Monday, September 9, 2013

Kim Liebhaber
English 326
Blog #2
Dora

Exploring New Boundaries With Punctuation 

At the beginning, the teacher wanted Dora to connect the letters with sounds. Easily, Dora would write down the letters that went she thought matched the sounds initially from what she heard in the words. For example, “YER” portrayed the sound as “We are.” Then the teacher simply asked Dora to separate the letters and create them into words. The separation of words led to periods and Dora putting periods after every word she thought had ended. This helped her understand what letters broke off into words. Noticing that every word didn’t end in a period Dora started to understand the spacing between each word, she caught on without the teachers help. Now the punctuation aspect plays a role in the rules Dora needed to figure out. At such a young age children, like Dora, are taking on major steps of writing, whose main goal plays a huge part in further punctuation learning.
The teacher allowed Dora to read her “sentences” out loud and helped her define what a true sentence was and what an unnecessary marking was. Dora initially focused on writing instead of punctuating her sentences and over loading them with period markings. “Periods go at the end of the page,” this was Dora’s logic and went with it without the teachers help.
The teacher chose to not approach Dora with her learning habit. Children grow with their intellectual abilities, just like spelling, they learn to catch on as to what is wrong and what is right. By learning through mistakes Dora could incorporate why certain punctuation has its abilities to be swapped around with different meanings.

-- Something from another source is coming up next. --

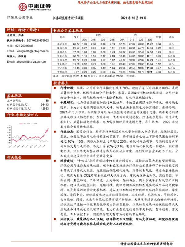 【中泰证券】【20211019】环保及公用事业行业周报:限电停产凸显电力供需失衡问题,缺电现象明年或将延续-22页 行业研究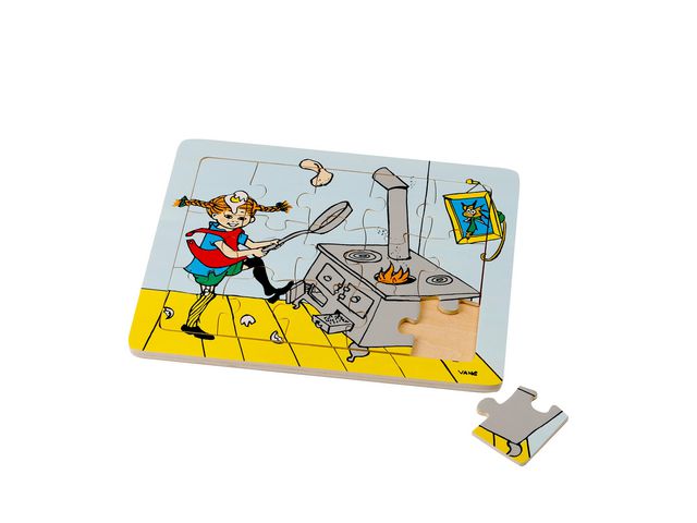 I det här rampusslet i trä får barnet hjälpa Pippi att laga sin favoritmåltid: Pannkakor. Setet innehåller 15 bitar. Pusslet läggs i sin ram vilket gör det lätt att lära sig var varje del hör hemma.

The teacher guiding Dora in the right direction didn’t want to suffocate her with what she will be able to grow into. She allowed Dora to talk and reflect on her work and criticize it how she wants it. She begins to formulate her sentences, not with proper punctuation, but through further writing experiences. The teacher allowed Dora to explore her own writing by not following a particle format, the context and format being entirely theirs. Theirs to understand and guidelines that didn’t have deeper explanation that confused them more.

It was hard for her to catch on to the concept of sentence-end-marking because she seemed more focused on writing what she saw. She didn’t understand what word usage you needed to use to make up an actual sentence. She didn’t understand the definition of a sentence but she heard it. She was unaware as to what she saw on the paper. What she communicated with the teacher was a lot different than being able to break it up onto a piece of paper. It was hard for her to perceive the word how she wrote it which made it difficult for her to break apart each line into a sentence.